Tax authorities can not take a stand different from Govt so as to deny benefit to assessee

By | October 5, 2015
(Last Updated On: October 5, 2015)

Once Cabinet took a policy decision to extend its 2004 Industrial policy in matter of central sales tax concession to eligible units beyond 31-3-2009 upto 31-3-2013 and notification dated 29-5-2009, accordingly, having been issued by Department of Industries, thereafter Excise and Taxation department could not take a different stand

subject  ;Section 8 of the Central Sales Tax Act, 1956 

Facts of the case :-

■         As per the 2004 Industrial Policy of the State of Himachal Pradesh, the assessee had been enjoying the concessional rate of the central sales tax at one per cent upto 31-3-2009.

■         On 19-5-2009, the Cabinet had taken a policy decision to extend the period of concession upto 31-3-2013.

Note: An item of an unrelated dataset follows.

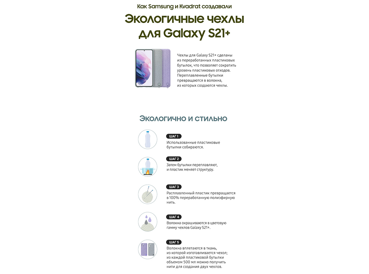 В инфографике вы найдете подробности о новейших стильных и экологически чистых чехлах для телефонов Samsung, доступных в двух эксклюзивных оттенках: фиолетовом и мятно-сером.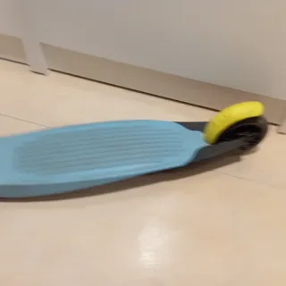 Patinete infantil de tres ruedas, ideal para los más pequeños. - Plataforma de color azul. - Ruedas con detalles amarillos. - Manillar ajustable en altura - Puños negros para un mejor agarre.

■         The Council of Ministers, in the meeting held on 20-5-2009, approved the above proposal. Accordingly the State Government through the Department of Industries issued a notification on 29-5-2009 extending the concession from 1-4-2009 to 31-3-2013.

■         Thereafter the Excise and Taxation Department of the State Government issued a notification dated 18-6-2009 under section 8(5)(b) of the Central Sales Tax Act, 1956 granting the concessional rate of the central sales tax at one per cent, wherein the expression ‘. . . with immediate effect for the period ending 31-3-2013’ was used.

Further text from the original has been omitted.